Problem statement
Reproduce exactly only the lines from the line that holds "3月13日上午,应物理与光电" to the line that holds "By GDP, Oman", inclusive, in the listing below, and please leave out every picture.

Input records
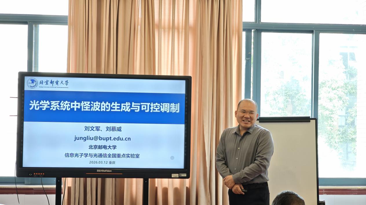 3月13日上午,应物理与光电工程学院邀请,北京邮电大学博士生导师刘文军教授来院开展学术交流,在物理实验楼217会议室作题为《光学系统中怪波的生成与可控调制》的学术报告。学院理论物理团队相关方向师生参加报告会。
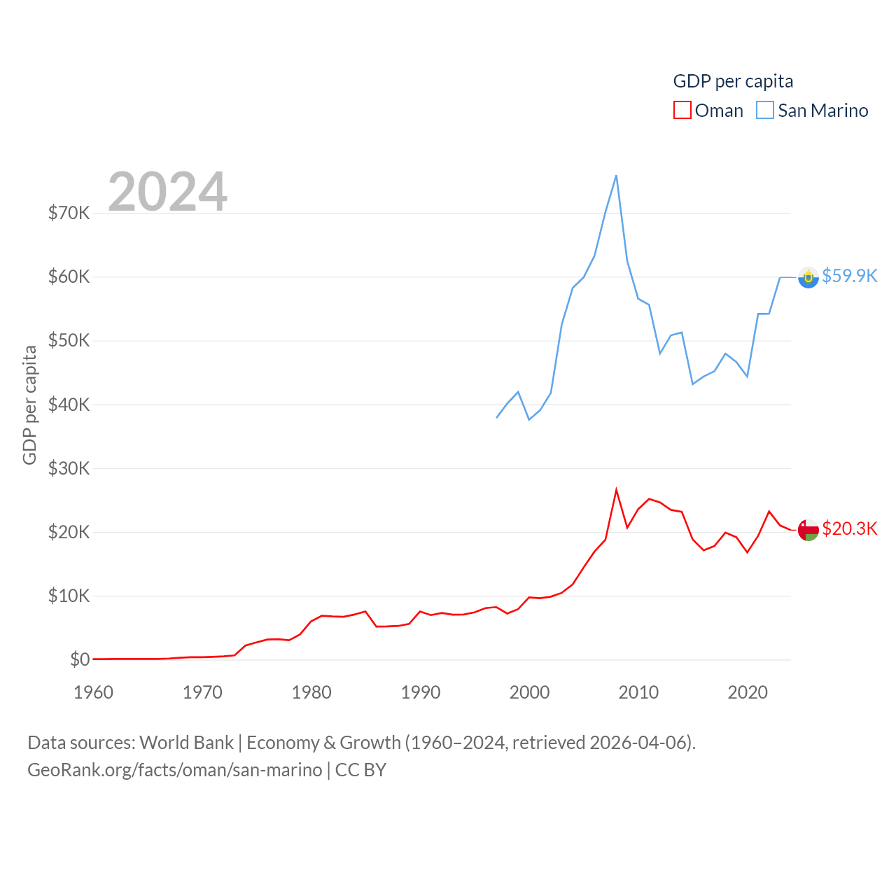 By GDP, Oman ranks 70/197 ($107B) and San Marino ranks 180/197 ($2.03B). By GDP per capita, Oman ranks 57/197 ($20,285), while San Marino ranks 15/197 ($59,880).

---

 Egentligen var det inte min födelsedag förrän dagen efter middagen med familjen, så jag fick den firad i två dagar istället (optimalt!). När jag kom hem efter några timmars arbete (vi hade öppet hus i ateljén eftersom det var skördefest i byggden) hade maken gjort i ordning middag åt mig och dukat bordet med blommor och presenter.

Solution
 3月13日上午,应物理与光电工程学院邀请,北京邮电大学博士生导师刘文军教授来院开展学术交流,在物理实验楼217会议室作题为《光学系统中怪波的生成与可控调制》的学术报告。学院理论物理团队相关方向师生参加报告会。
 By GDP, Oman ranks 70/197 ($107B) and San Marino ranks 180/197 ($2.03B). By GDP per capita, Oman ranks 57/197 ($20,285), while San Marino ranks 15/197 ($59,880).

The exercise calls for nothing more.